Referring to FIG. 6, the information providing device classifies an utterance intent of a speech utterance of a vehicle occupant (S510).

According to one embodiment, the utterance intent may be classified as any one of POI guidance, route description, accident information guidance, or congested section check.

The information providing device extracts at least one keyword corresponding to the slot of utterance intent from the speech utterance (S520).

In this case, the extracted keyword may be text indicating a specific location or a specific spatial range.

The information providing device identifies location coordinates based on at least one keyword (S530).

When the utterance intent is POI guidance, the information providing device may identify first location coordinates around a target location according to at least one keyword. The first location coordinates represent location coordinates around the target location indicated by the keyword.

When the utterance intent is a route description, the information providing device may identify second location coordinates within a navigation route according to at least one keyword. The second location coordinates represent location coordinates constituting the navigation route.

When the utterance intent is accident information guidance, the information providing device may identify third location coordinates of an accident point within a spatial range according to at least one keyword based on accident information.

When the utterance intent is congested section check, the information providing device may identify fourth location coordinates for a congested section within a spatial range according to at least one keyword based on traffic information.

The information providing device obtains the POI name by applying the second deep learning model to the location coordinates (S540).

The information providing device may obtain at least one POI name from one location coordinate using the second deep learning model.

The information providing device provides the obtained POI name (S550).

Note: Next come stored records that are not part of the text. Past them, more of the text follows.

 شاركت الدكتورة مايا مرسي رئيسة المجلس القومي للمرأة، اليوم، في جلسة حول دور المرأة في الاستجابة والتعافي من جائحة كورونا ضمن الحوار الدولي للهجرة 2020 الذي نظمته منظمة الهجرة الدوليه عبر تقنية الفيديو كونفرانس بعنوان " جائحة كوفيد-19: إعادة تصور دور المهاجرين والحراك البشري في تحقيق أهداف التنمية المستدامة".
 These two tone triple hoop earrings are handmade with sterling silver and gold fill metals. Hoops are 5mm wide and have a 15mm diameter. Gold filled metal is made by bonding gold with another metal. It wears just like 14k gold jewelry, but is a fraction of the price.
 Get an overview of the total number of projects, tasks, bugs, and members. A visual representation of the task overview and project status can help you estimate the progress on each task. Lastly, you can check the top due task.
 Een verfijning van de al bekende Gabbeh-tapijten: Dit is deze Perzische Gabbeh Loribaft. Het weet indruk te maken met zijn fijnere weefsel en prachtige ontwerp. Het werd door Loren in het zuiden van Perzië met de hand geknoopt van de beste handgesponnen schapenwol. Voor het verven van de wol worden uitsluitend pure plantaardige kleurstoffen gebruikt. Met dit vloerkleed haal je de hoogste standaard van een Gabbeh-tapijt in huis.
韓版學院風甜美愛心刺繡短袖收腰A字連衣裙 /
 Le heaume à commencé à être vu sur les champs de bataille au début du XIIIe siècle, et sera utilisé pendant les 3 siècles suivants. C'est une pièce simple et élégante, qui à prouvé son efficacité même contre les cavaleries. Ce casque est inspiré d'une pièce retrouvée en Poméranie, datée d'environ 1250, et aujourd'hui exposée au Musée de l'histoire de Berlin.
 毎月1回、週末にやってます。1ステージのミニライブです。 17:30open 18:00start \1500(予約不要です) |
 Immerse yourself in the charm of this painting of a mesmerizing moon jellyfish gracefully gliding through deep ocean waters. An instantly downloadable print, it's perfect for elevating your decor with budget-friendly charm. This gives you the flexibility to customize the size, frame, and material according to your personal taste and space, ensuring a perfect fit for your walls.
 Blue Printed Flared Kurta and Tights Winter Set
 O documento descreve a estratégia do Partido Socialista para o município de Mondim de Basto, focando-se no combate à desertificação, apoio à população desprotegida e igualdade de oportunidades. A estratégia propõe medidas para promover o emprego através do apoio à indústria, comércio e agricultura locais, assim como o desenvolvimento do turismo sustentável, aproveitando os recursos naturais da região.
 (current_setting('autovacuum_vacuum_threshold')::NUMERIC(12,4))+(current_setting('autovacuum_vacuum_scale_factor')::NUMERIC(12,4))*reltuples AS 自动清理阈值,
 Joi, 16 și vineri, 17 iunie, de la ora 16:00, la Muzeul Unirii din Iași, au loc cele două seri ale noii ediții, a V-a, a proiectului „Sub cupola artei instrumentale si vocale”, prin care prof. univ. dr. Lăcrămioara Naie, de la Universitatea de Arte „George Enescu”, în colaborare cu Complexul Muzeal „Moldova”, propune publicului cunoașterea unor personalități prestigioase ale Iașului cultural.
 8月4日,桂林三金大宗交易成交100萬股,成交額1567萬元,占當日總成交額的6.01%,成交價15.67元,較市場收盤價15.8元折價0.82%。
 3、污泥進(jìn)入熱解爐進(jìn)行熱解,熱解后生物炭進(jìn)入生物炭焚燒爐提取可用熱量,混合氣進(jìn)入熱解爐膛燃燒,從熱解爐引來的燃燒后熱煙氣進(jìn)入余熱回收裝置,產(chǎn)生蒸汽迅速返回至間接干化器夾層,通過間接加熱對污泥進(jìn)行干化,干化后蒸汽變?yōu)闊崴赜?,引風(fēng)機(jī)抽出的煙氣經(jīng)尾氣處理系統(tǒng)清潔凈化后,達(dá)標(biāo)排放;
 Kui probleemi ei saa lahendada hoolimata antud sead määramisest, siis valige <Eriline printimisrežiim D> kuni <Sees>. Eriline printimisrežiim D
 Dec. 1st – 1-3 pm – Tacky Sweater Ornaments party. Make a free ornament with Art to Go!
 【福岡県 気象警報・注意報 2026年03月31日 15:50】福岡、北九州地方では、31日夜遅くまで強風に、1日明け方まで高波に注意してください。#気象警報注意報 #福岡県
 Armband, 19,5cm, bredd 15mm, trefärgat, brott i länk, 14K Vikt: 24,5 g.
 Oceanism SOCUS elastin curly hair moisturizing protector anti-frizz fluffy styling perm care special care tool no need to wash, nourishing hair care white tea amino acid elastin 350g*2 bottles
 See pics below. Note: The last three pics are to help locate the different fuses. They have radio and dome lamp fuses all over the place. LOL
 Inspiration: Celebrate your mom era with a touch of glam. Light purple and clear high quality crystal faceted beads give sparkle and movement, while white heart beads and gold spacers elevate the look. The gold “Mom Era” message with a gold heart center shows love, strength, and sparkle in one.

The information providing device may provide the POI name to the occupant. Alternatively, the information providing device may generate a complete sentence from utterance intent, slot, keyword, and POI name using a generative model. The information providing device provides the generated sentence to the occupant.

FIGS. 7A to 7D are diagrams illustrating examples of the POI name providing method according to one embodiment of the present disclosure.

Referring to FIG. 7A, the information providing device receives the occupant's utterance, “Are there any points of interest around here?”

The information providing device classifies the utterance intent for the received utterance. The utterance intent is classified as “POI guidance”.

The information providing device extracts a keyword corresponding to the slot of POI guidance intent. In this case, the slot of POI guidance intent may be predefined as “target location”. The information providing device extracts “around here” as the keyword corresponding to the slot.

The information providing device obtains location coordinates based on the keyword. Specifically, the target location according to the keyword “around here” means around the current location of the occupant. The information providing device obtains first location coordinates indicating locations around the current location of the occupant.

The information providing device obtains first POI names corresponding to the first location coordinates by applying the second deep learning model to the first location coordinates.

The information providing device provides the first POI names in response to the occupant's utterance. In particular, the information providing device may generate a sentence including the first POI names using the generative model and provide the sentence.

Referring to FIG. 7B, the information providing device receives the occupant's utterance, “Describe the navigation route.”

The information providing device classifies the utterance intent for the received utterance. The utterance intent is classified as a “route description”.

The information providing device extracts a keyword corresponding to the slot of the route description intent. In this case, the slot of the route description intent may be predefined as “route”. The information providing device extracts “navigation route” as the keyword corresponding to the slot.

The information providing device obtains location coordinates based on the keyword. Specifically, the keyword “navigation route” refers to the vehicle's currently set navigation route. The information providing device obtains second location coordinates constituting the current navigation route of the vehicle.

The information providing device obtains second POI names corresponding to the second location coordinates by applying the second deep learning model to the second location coordinates. The second POI names may include “Gangnam-daero,” “Yangjae-daero,” and “Gyeongbu Expressway”.

The information providing device provides second POI names in response to the occupant's utterance. In particular, the information providing device may generate a sentence including the second POI names using the generative model and provide the sentence.

Referring to FIG. 7C, the information providing device receives the occupant's utterance, “Describe accident information on the navigation route.”

The information providing device classifies the utterance intent for the received utterance. The utterance intent is classified as “accident information guidance”.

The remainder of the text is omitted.